WORK ORDER: Copy each line of the records below that mentions the word "tumor".

-------- GIVEN INFORMATION

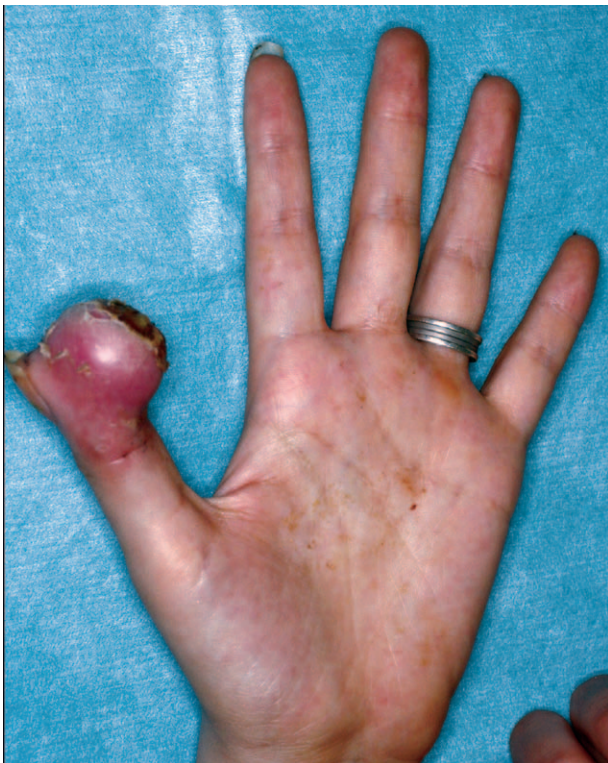
Fig. 1. Clinical findings of ancient schwannoma. An indolent, hard but elastic, immovable skin tumor of 30×25 mm is present on the palmar aspect of the distal phalanx of the left thumb.

Total excision of the tumor was subsequently performed with digital nerve block under surgical microscope. Despite adherence to the ulnar aspect of
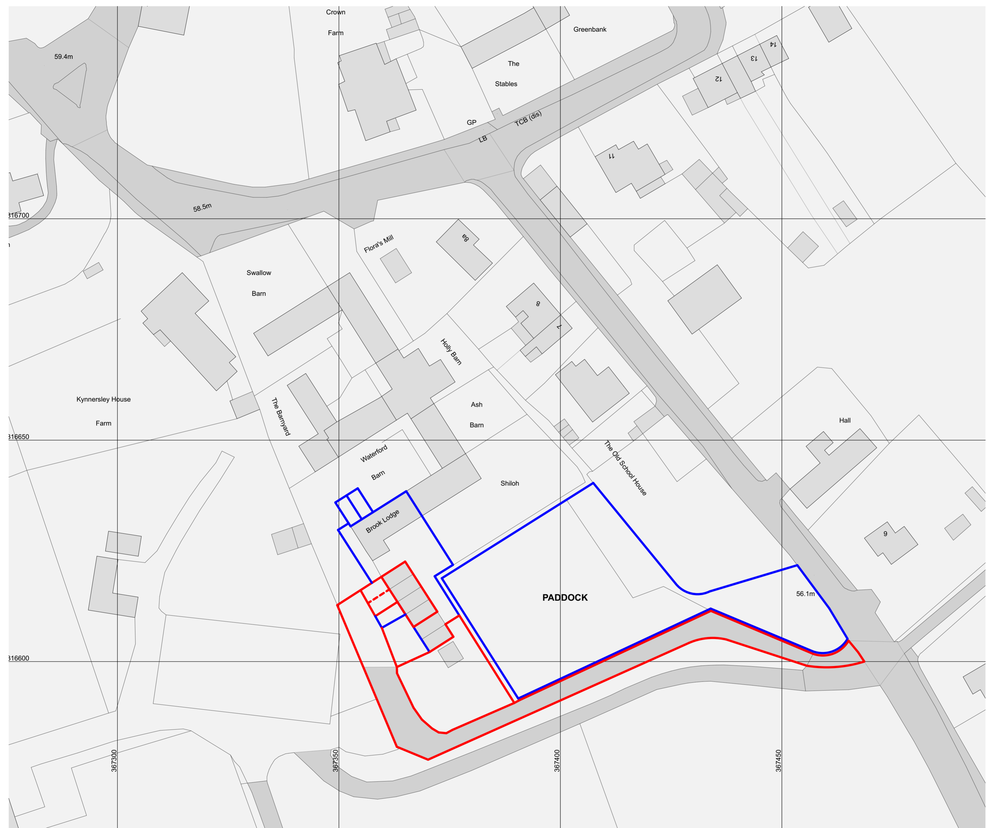
1 Site Plan 1:500
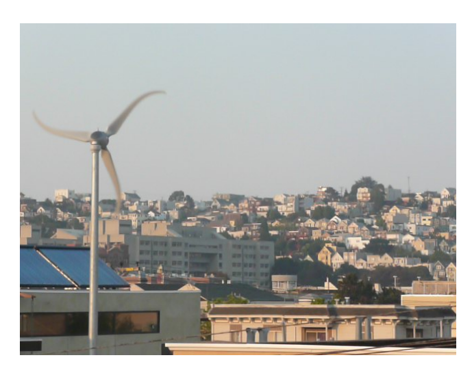
Figure 5. Skystream turbine in San Francisco, California.

Estimates exist for wind speed distributions and profiles in rural environments, but their application to the built environment is not appropriate. Standard models of vertical wind profiles (e.g., the log or power laws) do not apply at BWT locations, and alternative approaches are needed for predicting the wind fields above buildings at BWT heights (Beller 2011). Additionally, in the rural environment, the wind distribution is approximately twodimensional: The wind increases with height, but the vertical component to the wind is limited (the IEC standard requires up to 8 deg vertical inflow)
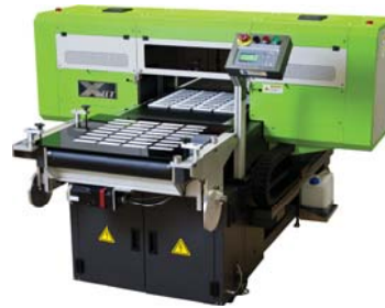
INKJET PRINTERS XJET, EdiJET & MIMAKI

----------------

SOLUTION FOR THIS PROBLEM:
Fig. 1. Clinical findings of ancient schwannoma. An indolent, hard but elastic, immovable skin tumor of 30×25 mm is present on the palmar aspect of the distal phalanx of the left thumb.
Total excision of the tumor was subsequently performed with digital nerve block under surgical microscope. Despite adherence to the ulnar aspect of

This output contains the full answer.